Photo Agnieszka Lorek


   
 


 Sei tu acqua sorgiva che tutto m’asseta, tu vino d’ottobre che rosso mi inebria, quando spalmi quel limo di zucchero e mosto, di raspi che pigi, che sgrondi e poi torchi, le mie cosce obbedienti che aspettano l’oltre. Sei tu che mi stringi e sento il profumo, i baci che al collo si perdono al seno, e sento i respiri caldi come il mio miele, e sento le mani illegali e bollenti, tra le gambe in cui sgorga nettare denso, come quando m’abbracci, come ora che mi spogli, e lasci che il fiato mi tremi nel petto.

Sei tu quel pane di grano, nutrito dal sole, frutto maturo che placa ogni brama, l’esatto contrario che sale e riempie, la parte che vuota t’urla e reclama. Sei fertile seme che cullo nel ventre, fiato che forma parole più sconce, che distinguo dai brividi che a pelle mi sento, mentre spandi, mi inondi e mi sazi la fica. Sei tu il mio uomo ed io la tua piuma, che vola in un soffio, che sale se chiami, e scende danzando fino a che la catturi, e stretta nel pugno m’accovaccio e m’illudo,
che non esistono altri nidi per svernarci d’inverno, quando fuori fa freddo e tu ti scaldi al tepore.

Ti sento figlio che allatto e trastullo, ti godo amante fratello e padrone, persa nei sensi di vite vissute, di uomini tanti che m’hanno presa per bene, che m’hanno insegnato a camminare di notte, ascoltando lo struscio dei miei tacchi più alti, sentendo l’odore delle mie voglie sospese, per il prossimo a turno che aspettava paziente. Sono fatta di spine angosce e tormenti, vuote parole che pioggia riempie, sono petali secchi friabili ai venti, che un soffio li sparge e non rimane che niente.

Chissà che diresti se mi vedessi davvero, con un cappello da sera e guanti di rete, che aspetto e raccolgo solo acqua piovana, avanzi di mondo di semi infecondi. Perché sono fatta di niente, di buchi di ventre, slargati da rami senza gemme di pesco, nel silenzio per strada tra le tenebre fitte. Sono fatta d’istinti di gatta in calore, che miagolava ai tetti nel freddo di notte, di canti d’uccelli aggrumati sui fili, che bramavano bocche come scoli all’aperto.

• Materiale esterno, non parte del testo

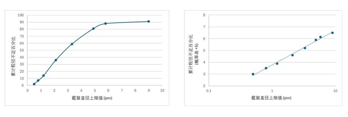 以ISM为例,我们知道撞击器的性能与流量有关。因此,多级撞击器原始数据采用层级药物质量形式,而流量决定了每级截留直径。下图以累积图 (左) 和对数-概率图 (右) 的形式展示了此类数据的示例。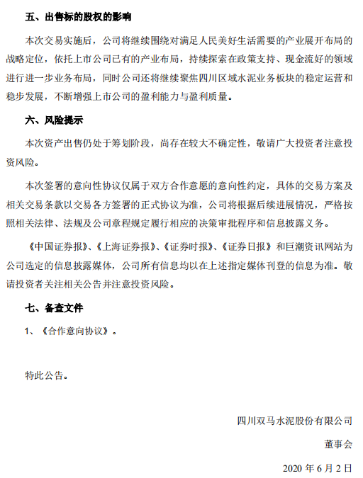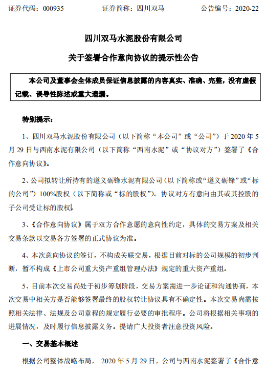 公告特別提示稱(chēng):四川雙馬水泥股份有限公司已于 2020 年 5月 29 日與西南水泥有限公司簽署了《合作意向協(xié)議》。公司擬轉(zhuǎn)讓所持有的遵義礪鋒水泥有限公司100%股權(quán) 。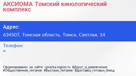 АКСИОМА, Томский кинологический комплекс по адресу 634507, Томская область, Томск, Светлая, 14 в дальнейшем Организация, размещена в следующих категориях: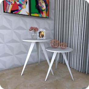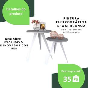 ESPECIFICAÇÕES TÉCNICA Peso Suportado: 35Kg Material dos pés: Aço Material do Tampo: Madeira MDP 15mm Acabamento da Estrutura dos pés: Pintura Eletrostática Epóxi Cor dos pés: Branco Cor do Tampo: Branco Requer Montagem: Sim Nível de Dificuldade de montagem: Fácil Conteúdo da Embalagem: 2 Mesas de Canto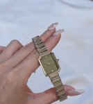 / 罗拉绿色系的总能吸引我的注意~ 实物看起来好清透 满满清冷感 而且上镶嵌的钻Bulingbuling闪闪的 表带是有金色点缀 戴上温柔又显白 秋冬搭配或者尊嘟吼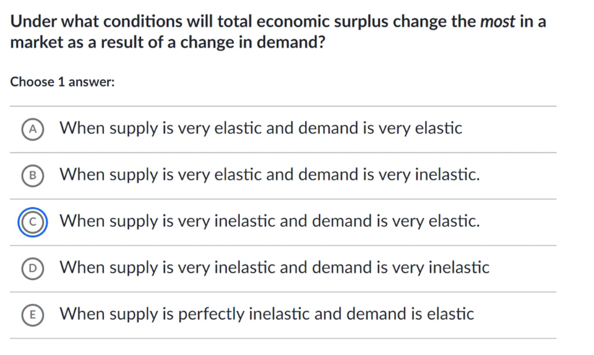 Under what conditions will total economic surplus change the most in a market as a result of a change in demand?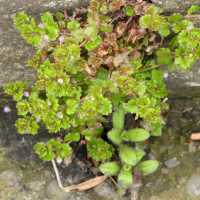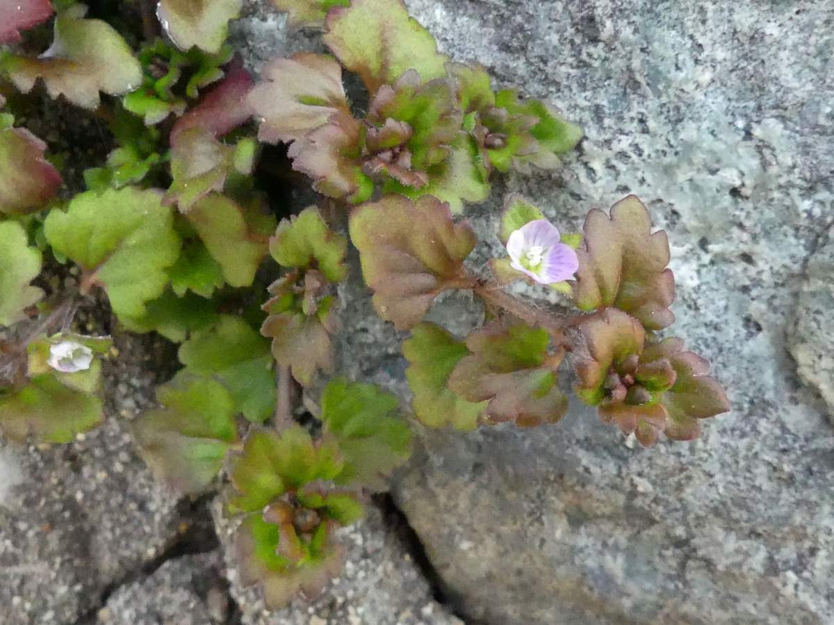 古くからある石垣や道端に生える越年草で、茎は分枝して広がり長さ10~25cmになる。

Vieni vicino il resto non conta, non serve all’amore il colore degli occhi, quando spalanco le gambe per essere foce, come mare che accoglie i detriti dei fiumi. Perché tu sia il poeta d’ogni alba che accende, perché tu sia la rima d’ogni impulso che coglie, a cercare tra le righe un filo di sogno, perché io sia la musa che ispira le voglie, e dipinge di rosso l’emozione al tramonto.

Vieni ora ti prego e lasciati andare, perché ti offrirò neve, muta immacolata, la gioia del mio seno che vibra al tuo sguardo, e baci ad occhi chiusi di pioggia come perle, raccolte in quelle terre dove da anni non piove. Creerò un regno nuovo in cui l’amore sarà legge, dove sarò la tua regina e governerò sul tuo destino, e ti lancerò dei sortilegi, incantesimi e fatture, affinché tu possa amarmi e non possa farne a meno, affinché io sia più bella e le altre senza seno.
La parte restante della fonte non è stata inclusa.